» WHAT YOU ARE ASKED TO DO
Transcribe each entry exactly; skip the images.

» PROVIDED RECORDS

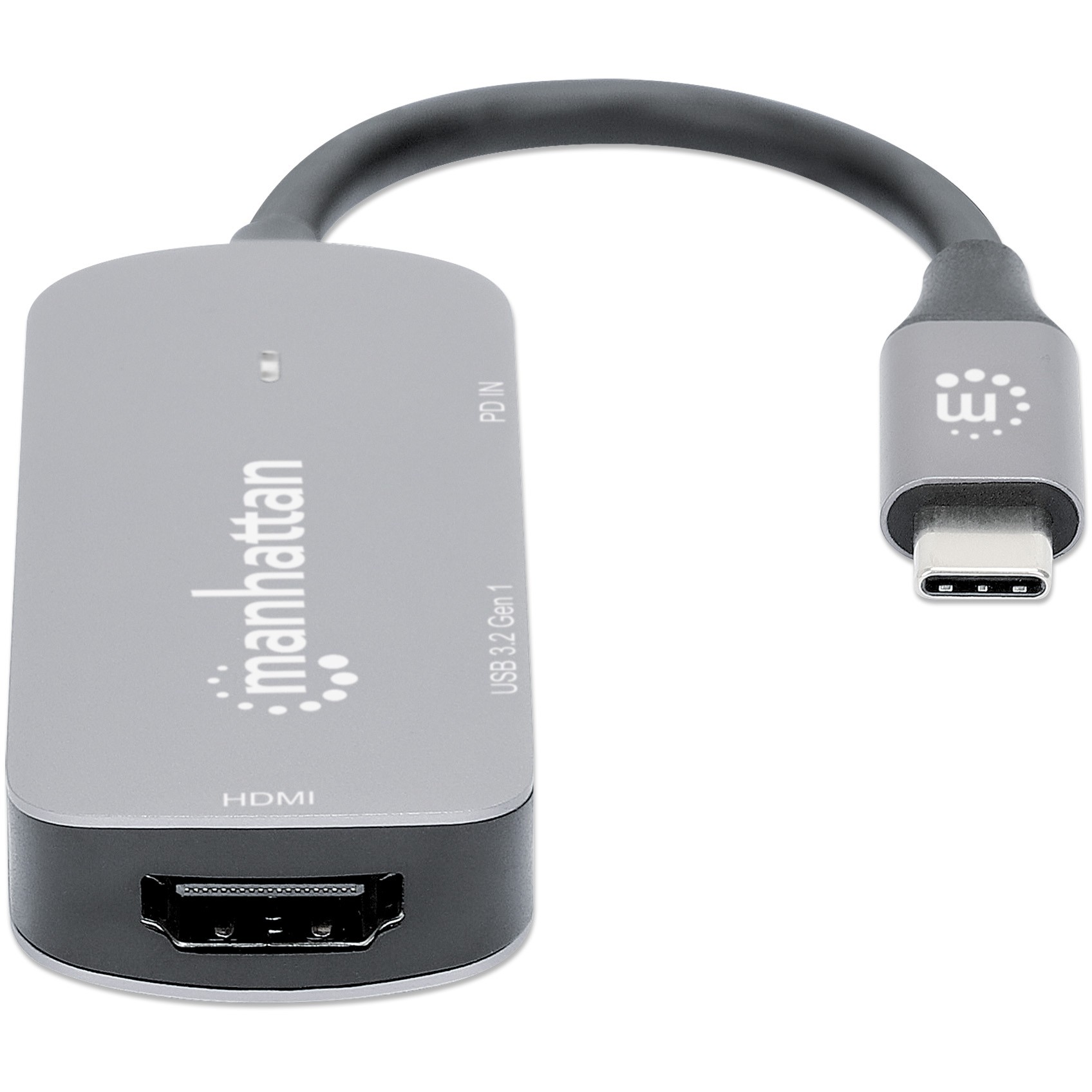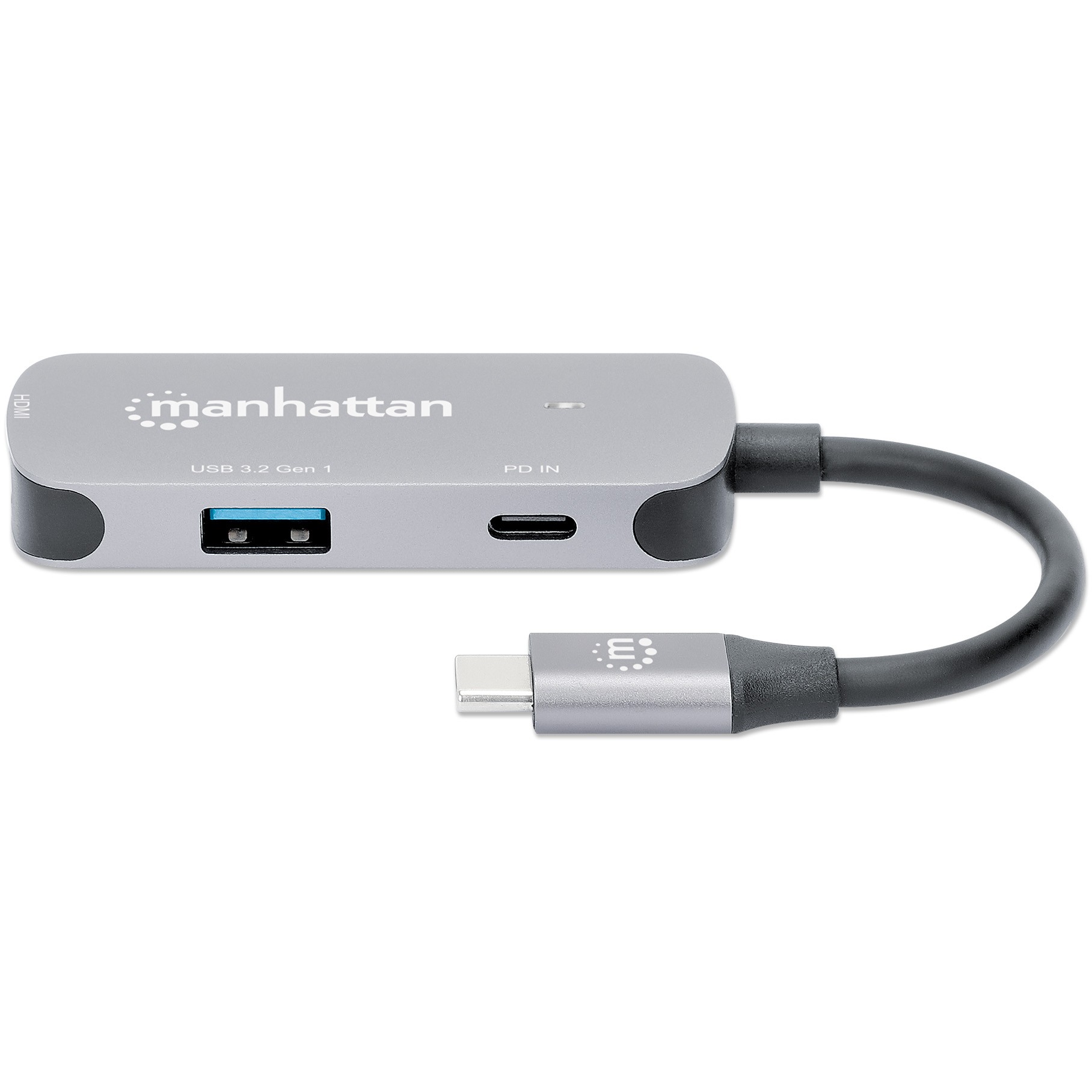 Der Manhattan USB-C auf HDMI 3-in-1 Docking-Konverter bildet eine schnelle, einfache und praktische Schnittstelle zwischen USB Typ C-Geräten (Laptop, Computer, MacBook, Chromebook, Tablet, etc.) und HDMI-Display (Monitor, Fernseher, Beamer) in 4K bei 30 Hz. Durch den USB-A-Port mit USB 3.2 Gen 1 (früher USB 3.0) zum Anschluss von Maus oder Tastatur taugt dieser Adapter auch für eine Mini-Workstation oder zum Anschluss von USB-Stick, USB-Drucker oder USB-Festplatte. Die Installation bleibt mit Plug & Play schnell und einfach.
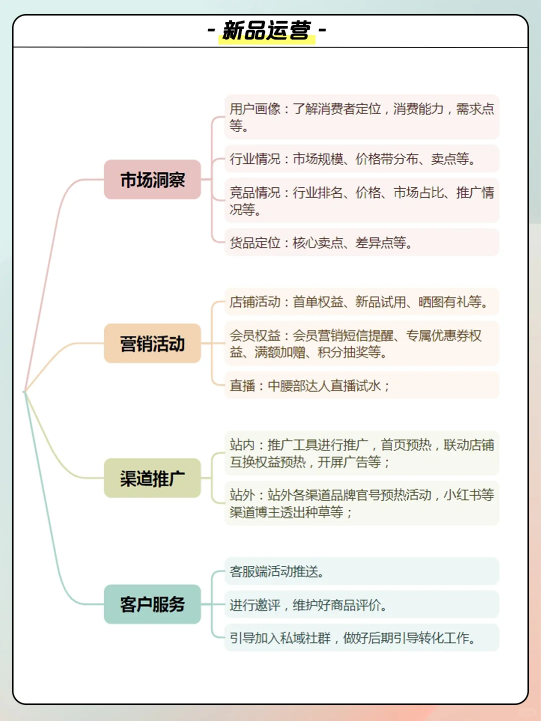 ? 24年后開始新的一天計劃。經(jīng)過一年的工作,你有什么收獲 ? 我相信在過去的24年里,許多品牌都策劃了許多新產(chǎn)品,如何運營好新產(chǎn)品并進一步提高門店銷售額是他們運營中的一個重要問題。 ? 新產(chǎn)品運營規(guī)劃可以從四個方面進行。 ? 市場洞察:從市場洞察中,人們可以學(xué)到很多信息,了解競爭對手的信息,并確定自己的新產(chǎn)品運營策略。 ? 營銷活動:提交平臺新品支持活動,獲得新品流量支持。與會員、直播等活動合作,積累前期新產(chǎn)品的銷量。 ? 渠道推廣:將在內(nèi)部和外部渠道上持續(xù)努力,增加新產(chǎn)品的曝光率,并引導(dǎo)購買轉(zhuǎn)化。 ? 客戶服務(wù):提供卓越的客戶服務(wù),并保持對新產(chǎn)品的好評。
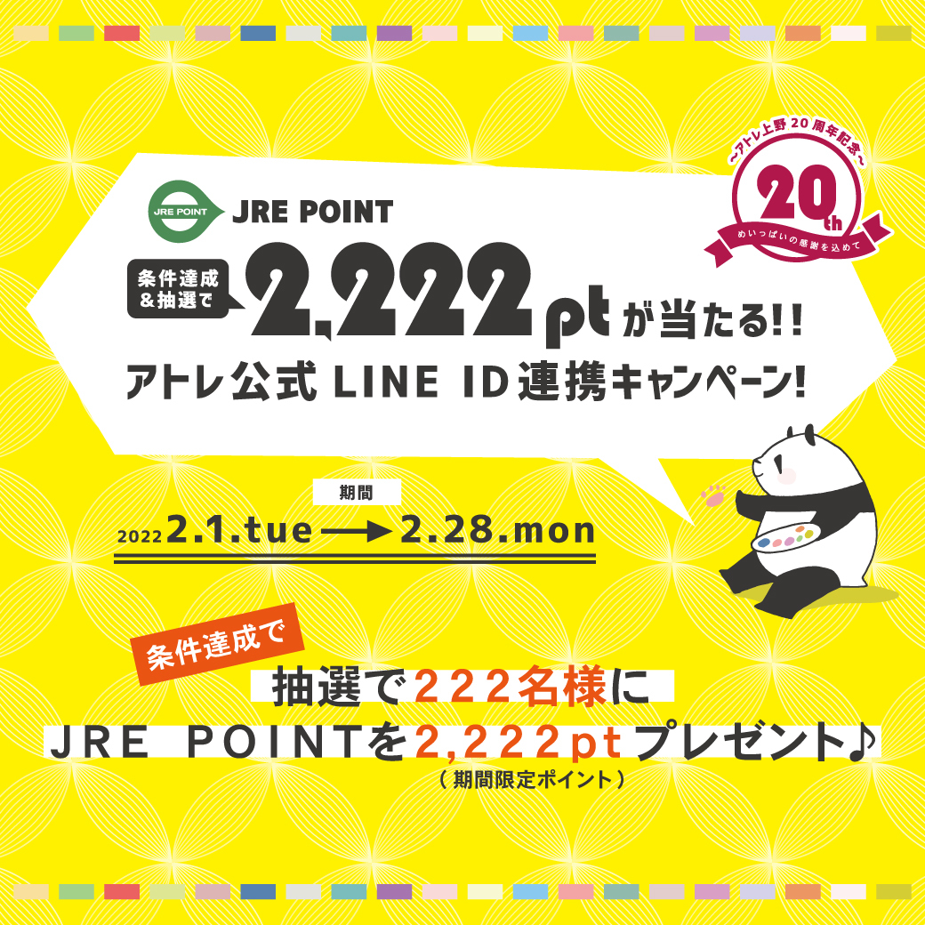 JRE POINT 2,222ptが当たる!アトレ公式LINE ID連携キャンペーン!参加条件を達成し抽選で222名様にJRE POINT 2,222ptが当たるアトレ公式LINE ID連携キャンペーンを開催します!期間中、アトレ公式LINE友だち登録のうえ、JRE POINTとアトレ公式LINEをID連携し、税込10,000円以上お買上げのお客様にJRE POINTをプレゼント。
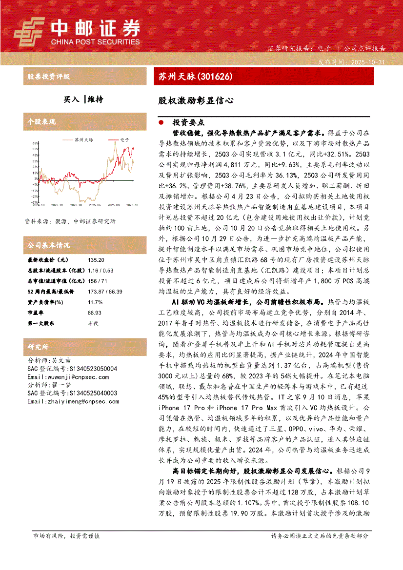 苏州天脉:中邮证券-苏州天脉-301626-股权激励彰显信心-251031
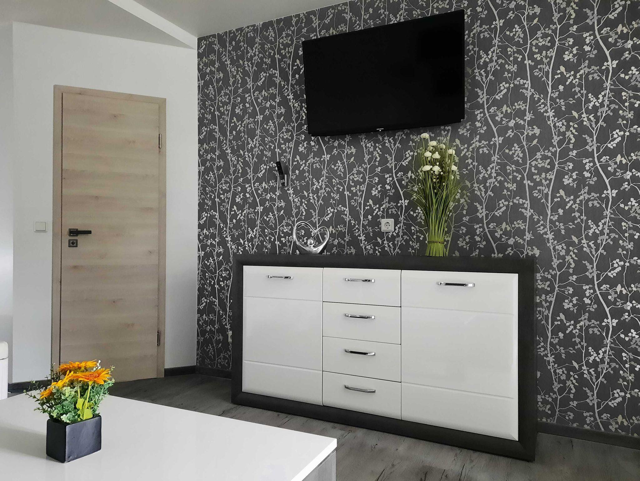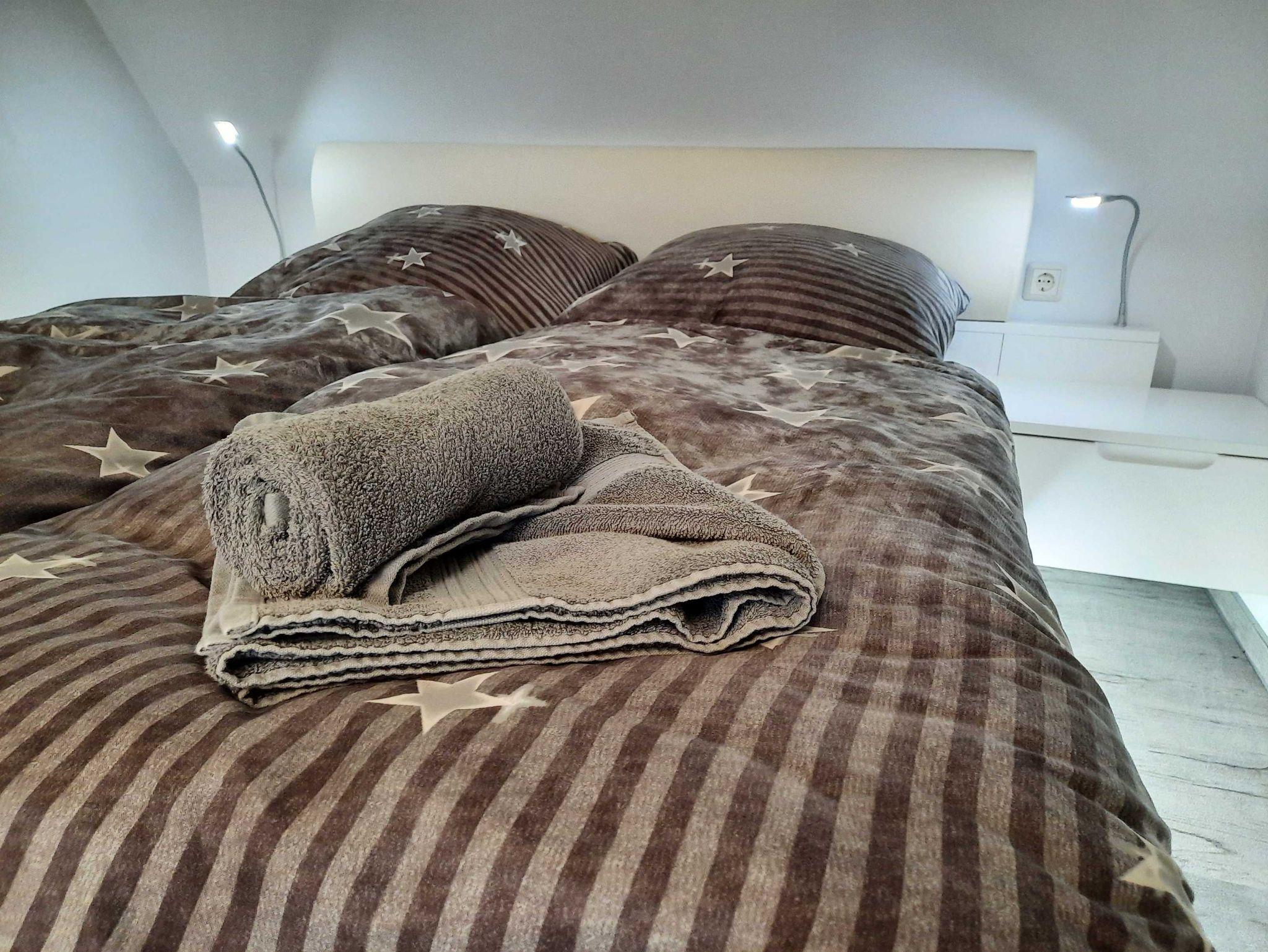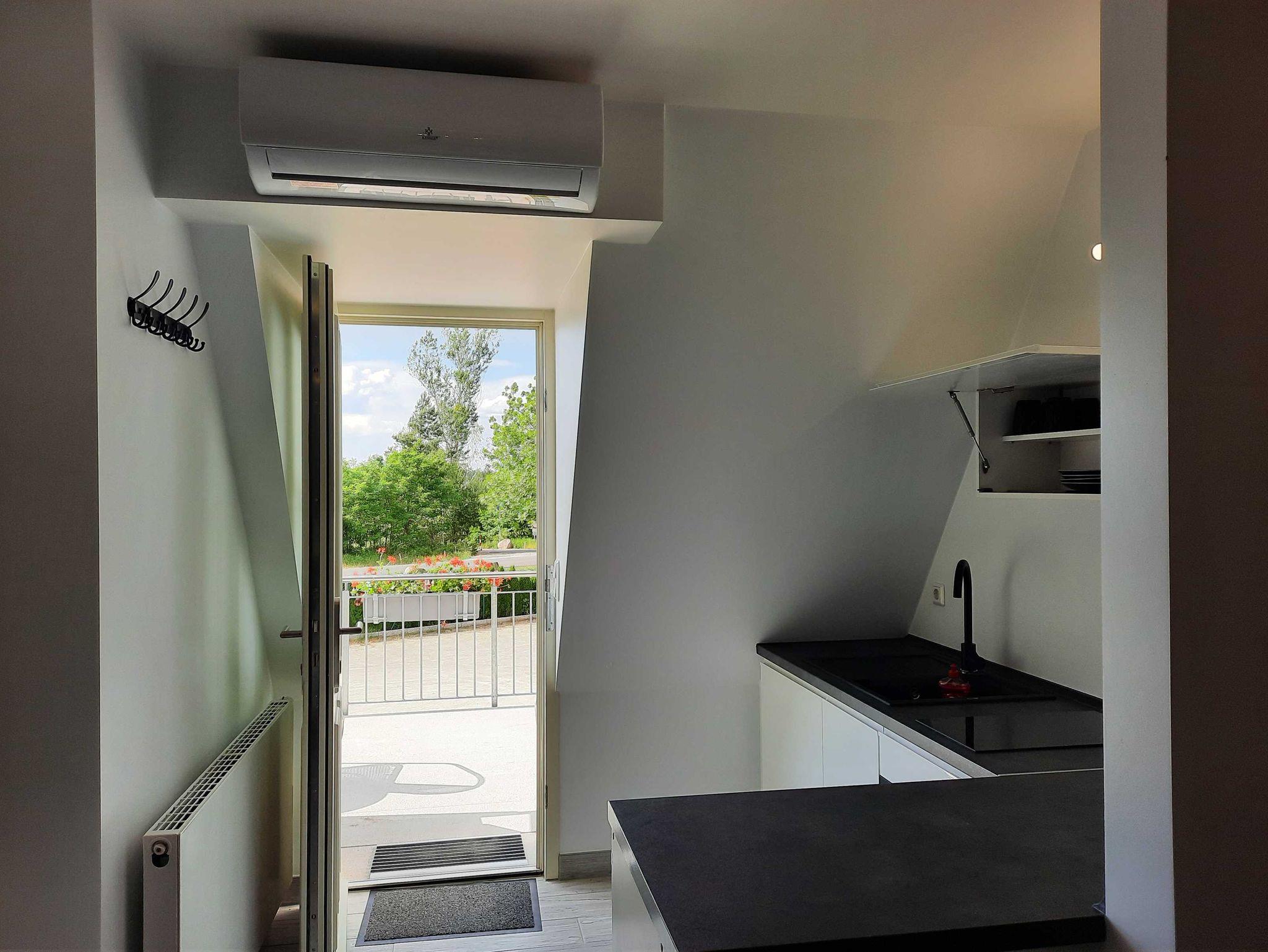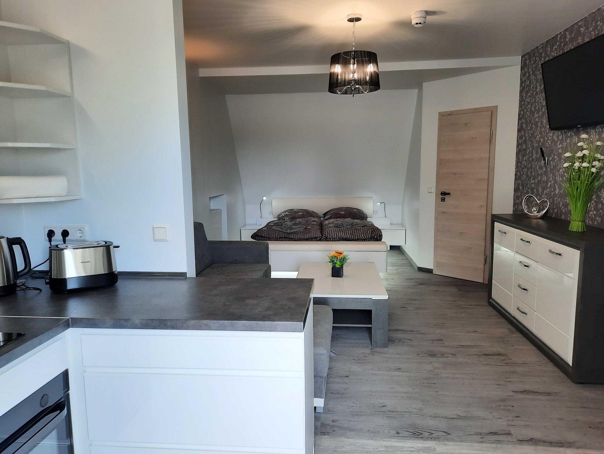 Die Ausstattung ist modern und zweckmäßig. Der kombinierte Wohn-Schlafraum mit einem Doppelbett (1.80x2.00) und einer Schlafcoch (2 Aufbettungen max. möglich) ist klimatisiert und hat eine offene Einbauküche mit Backofen, Mikrowelle, Kühlschrank mit integrietem Gefrierfach und Cerankochfeld.
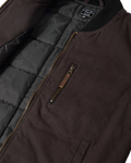 Details include a ribbed bomber-style collar for a classic, no-draft fit, a zip front with leather pull tab, and welt pockets at the waist and chest for utility without the bulk. Finished with logo embroidery on the chest and Dark Seas woven label branding for a touch of authenticity.
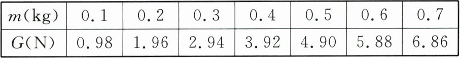 C.由表格数据得:物体所受的重力大小与其质量成正比
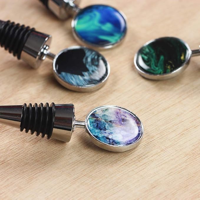LIZIMANDU Wine Bottle Stoppers,Set of 4 Stainless Steel Wine Stoppers For Gifts, Bar, Holiday Party, Wedding(4-Quicksand Scenery)
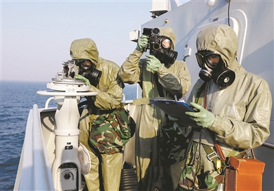 官兵在全防護狀態(tài)下進行實戰(zhàn)化訓(xùn)練。

» EXERCISE OUTPUT
 Der Manhattan USB-C auf HDMI 3-in-1 Docking-Konverter bildet eine schnelle, einfache und praktische Schnittstelle zwischen USB Typ C-Geräten (Laptop, Computer, MacBook, Chromebook, Tablet, etc.) und HDMI-Display (Monitor, Fernseher, Beamer) in 4K bei 30 Hz. Durch den USB-A-Port mit USB 3.2 Gen 1 (früher USB 3.0) zum Anschluss von Maus oder Tastatur taugt dieser Adapter auch für eine Mini-Workstation oder zum Anschluss von USB-Stick, USB-Drucker oder USB-Festplatte. Die Installation bleibt mit Plug & Play schnell und einfach.
 ? 24年后開始新的一天計劃。經(jīng)過一年的工作,你有什么收獲 ? 我相信在過去的24年里,許多品牌都策劃了許多新產(chǎn)品,如何運營好新產(chǎn)品并進一步提高門店銷售額是他們運營中的一個重要問題。 ? 新產(chǎn)品運營規(guī)劃可以從四個方面進行。 ? 市場洞察:從市場洞察中,人們可以學(xué)到很多信息,了解競爭對手的信息,并確定自己的新產(chǎn)品運營策略。 ? 營銷活動:提交平臺新品支持活動,獲得新品流量支持。與會員、直播等活動合作,積累前期新產(chǎn)品的銷量。 ? 渠道推廣:將在內(nèi)部和外部渠道上持續(xù)努力,增加新產(chǎn)品的曝光率,并引導(dǎo)購買轉(zhuǎn)化。 ? 客戶服務(wù):提供卓越的客戶服務(wù),并保持對新產(chǎn)品的好評。
 JRE POINT 2,222ptが当たる!アトレ公式LINE ID連携キャンペーン!参加条件を達成し抽選で222名様にJRE POINT 2,222ptが当たるアトレ公式LINE ID連携キャンペーンを開催します!期間中、アトレ公式LINE友だち登録のうえ、JRE POINTとアトレ公式LINEをID連携し、税込10,000円以上お買上げのお客様にJRE POINTをプレゼント。
 苏州天脉:中邮证券-苏州天脉-301626-股权激励彰显信心-251031
 Die Ausstattung ist modern und zweckmäßig. Der kombinierte Wohn-Schlafraum mit einem Doppelbett (1.80x2.00) und einer Schlafcoch (2 Aufbettungen max. möglich) ist klimatisiert und hat eine offene Einbauküche mit Backofen, Mikrowelle, Kühlschrank mit integrietem Gefrierfach und Cerankochfeld.
 Details include a ribbed bomber-style collar for a classic, no-draft fit, a zip front with leather pull tab, and welt pockets at the waist and chest for utility without the bulk. Finished with logo embroidery on the chest and Dark Seas woven label branding for a touch of authenticity.
 C.由表格数据得:物体所受的重力大小与其质量成正比
LIZIMANDU Wine Bottle Stoppers,Set of 4 Stainless Steel Wine Stoppers For Gifts, Bar, Holiday Party, Wedding(4-Quicksand Scenery)
 官兵在全防護狀態(tài)下進行實戰(zhàn)化訓(xùn)練。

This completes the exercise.